I pazienti affetti da SMA possono attualmente ricevere, in Italia, tre terapie farmacologiche approvate da AIFA, sebbene con diverse indicazioni di rimborsabilità: nusinersen, onasemnogene abeparvovec e risdiplam. Nusinersen è il primo farmaco ad essere stato approvato (settembre 2017), è un oligonucleotide antisenso che modifica la trascrizione del gene SMN2 favorendo la produzione di proteina SMN funzionale. La somministrazione di nusinersen avviene per via intratecale, con una fase di carico iniziale e successivo mantenimento con infusioni ogni quattro mesi. Onasemnogene abeparvovec, approvata nel marzo 2021, è una terapia di sostituzione genica basata su vettore virale AAV9, che rilascia nelle cellule bersaglio una molecola di DNA contenente il gene SMN1 umano. Risdiplam, l’ultima terapia approvata (gennaio 2022), è una piccola molecola a somministrazione orale che funge da modificatore dello splicing di SMN2 e aumenta la produzione della proteina SMN ⁶.

Le terapie approvate si sono dimostrate straordinariamente efficaci nel modificare la storia naturale della malattia, ma non sono attualmente disponibili evidenze rispetto al confronto di efficacia tra le diverse terapie farmacologiche. Il principale elemento che emerge è l’importanza della somministrazione precoce dei farmaci, in particolare nella SMA tipo 1, dove ritardare il trattamento oltre le due settimane dalla diagnosi potrebbe determinare esiti clinici significativi ⁷. Decisamente meglio conosciuti sono i profili di sicurezza delle terapie, almeno per il periodo di monitoraggio disponibile.

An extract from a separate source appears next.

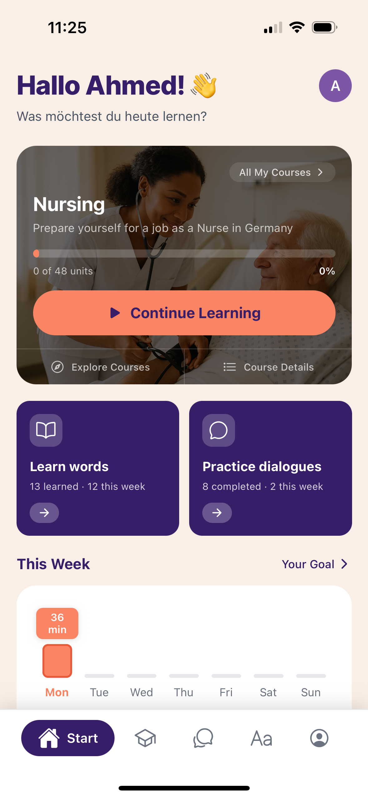 Starte deine erste Lektion und sprich vom ersten Tag an Deutsch – mit KI-Unterstützung.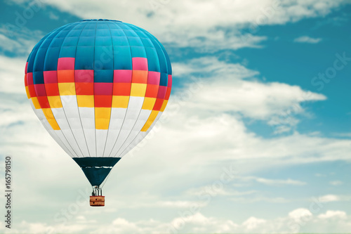 Fototapeta premium Colorful hot-air balloon against blue cloudy sky

Obiettivo del presente studio è descrivere l’esperienza nella gestione della terapia farmacologica per la SMA in una popolazione di pazienti afferenti ad un centro di terzo livello di neurologia infantile, l’Istituto Neurologico Carlo Besta di Milano, presidio della Rete Malattie Rare di regione Lombardia e riferimento per l’Atrofia Muscolare Spinale. Il lavoro si focalizzerà sui trattamenti farmacologici somministrati e sulle modifiche della terapia effettuate, in relazione alla tipologia di SMA.

Metodi

Il presente studio retrospettivo monocentrico descrive una popolazione di pazienti in età pediatrica con diagnosi clinica e genetica di SMA, afferiti alla Sezione Disordini dello Sviluppo Motorio, U.O. Neurologia dello Sviluppo, Dipartimento di Neuroscienze Pediatriche, Fondazione IRCCS Istituto Neurologico Carlo Besta, Milano, nel periodo compreso tra l’1 gennaio 2021 e il 30 giugno 2022.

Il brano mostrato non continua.